Are you using OpenSessionInViewFilter (spring/hibernate)?

The default flushmode is set to NEVER, so you need to override org.springframework.orm.hibernate3.support.OpenSessionInViewFilter
@Override

protected Session getSession(SessionFactory sessionFactory) throws DataAccessResourceFailureException {

Session session = super.getSession(sessionFactory);

session.setFlushMode(FlushMode.AUTO);

return session;

}

@Override

protected void closeSession(Session session, SessionFactory sessionFactory) {

session.flush();

super.closeSession(session, sessionFactory);

}

----- Original Message ----- From: "Mark" <[EMAIL PROTECTED]>
To: "Tapestry users" <users@tapestry.apache.org>
Sent: Wednesday, May 24, 2006 1:58 PM
Subject: Re: Hibernate persisted data never makes it to DB


By the way - I am right to assume that what I experience here is not normal Hibernate behaviour?

MARK



Lutz Hühnken wrote:
my two cents, in three parts...

- about the problem:
well, usually, it kind of works.
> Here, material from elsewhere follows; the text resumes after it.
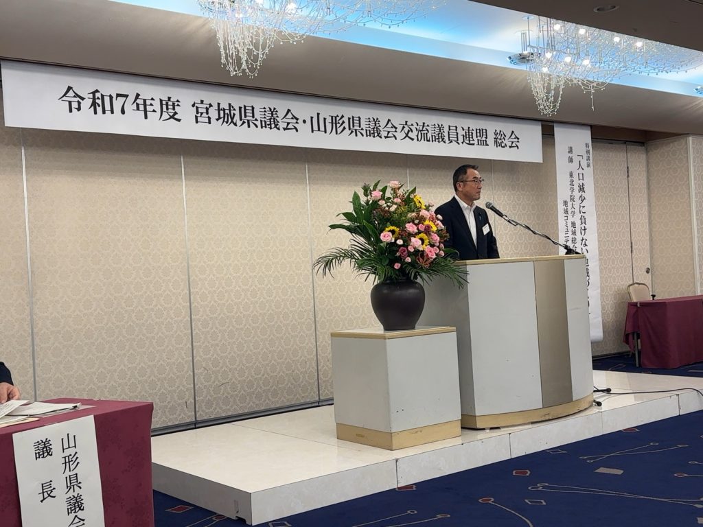 宮城県議会・山形県議会交流議員連盟の総会が行われ、両議会から約90名が出席しました。

This may sound silly, but do you
maybe have hbm2ddl.auto set to "create-drop" ? Or when you check if
something has been stored, are you sure you're checking the right
database? I'm not making fun of you, I have seen these things happen,
to very smart people. One more: are you using the HibernateTemplate
from the right package (there is a hibernate and a hibernate3 package.
Actually, I don't know what happens if you use the wrong one, might
even work).

Anyhow, if nothing is stored and yet you don't get any error message,
I guess you have to recheck your configuration carefully.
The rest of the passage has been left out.